More accurately we had the money stolen by the company director who illegally used the equity in our development to prop up his other failing projects. Ultimately he hoped to return the ‘borrowed’ money, but given he didn’t ask our permission to do so, and given those other projects fell over in the economic crash, it left a very ugly situation and many angry investors.

Just before we left for our trip we had heard that we were probably going to lose around $100K of the $250 K we had put in. It was bad news and caused us to re-consider whether we should continue to travel or whether we should just stay home and make up the lost ground. Given we had borrowed $200K of the $250K we were already back in debt and feeling a little edgy about things.

In the end we decided to go, but cancel the USA leg of the trip.

And we’re glad we did, as if we had known what was actually going to happen I think we would have felt it totally irresponsible to hit the road for six months knowing we were losing potential income and putting the cost of our trip on what had suddenly become a decent mortgage.

We have had both wins and losses with property, but this was a bit of a sledgehammer and we felt its effects over the trip. It has been both disturbing and challenging as we have had to address all the issues involved in this scenario.

There has been a heap of learning and I imagine there is a fair bit more still to come. For those who are interested here are some of the things we have been pondering and working thru over the last few months.

1. Perspective is everything - on the day we heard we were pretty angry and it caused a fair bit of anxiety as we saw the ground shift underneath us. I had a pretty bad day and even felt a bit of a panic come on. Our mortgage is now bigger than ever and I was feeling the pressure of it.

We are generally not financially driven, but we were investing in property as a bit of super / retirement plan. I went to bed that night knowing I needed to find some peace and in the prayer I was able to put things back in perspective. However they didn’t stay there… At various times as we were relaxing I would feel a panic cum anger attack hitting and for a week or so I was feeling almost depressed.

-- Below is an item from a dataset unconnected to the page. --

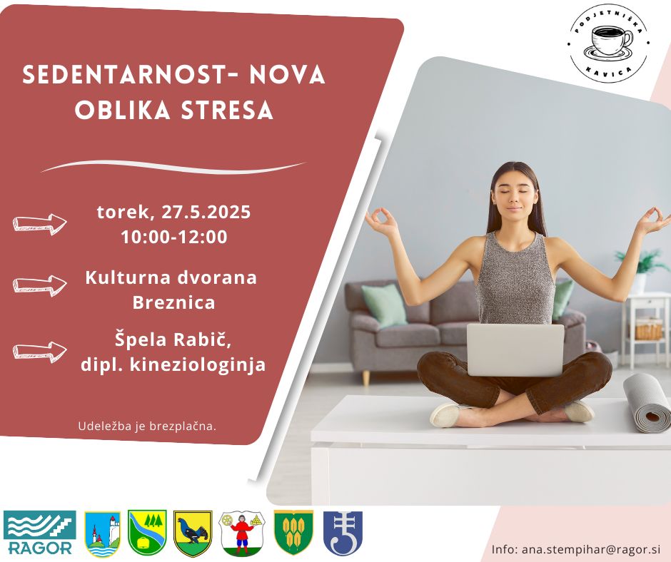 V torek, 27. 5. 2025 bo od 10:00 do 12:00 v Kulturni dvorani Breznica potekala delavnica Sedentarnost - nova oblika stresa

What really helped in those times was remembering that no one has died – no one has a terminal illness – our marriage hasn’t fallen apart – there has been no major life catastrophe.

We simply lost a lot of $$$.

And to put things further in perspective we are still way better off than many Aussies let alone when we compare ourselves to the rest of the world.

Perspective means I almost feel embarrassed at times talking about this as there are people whose lives have been much more screwed up than ours.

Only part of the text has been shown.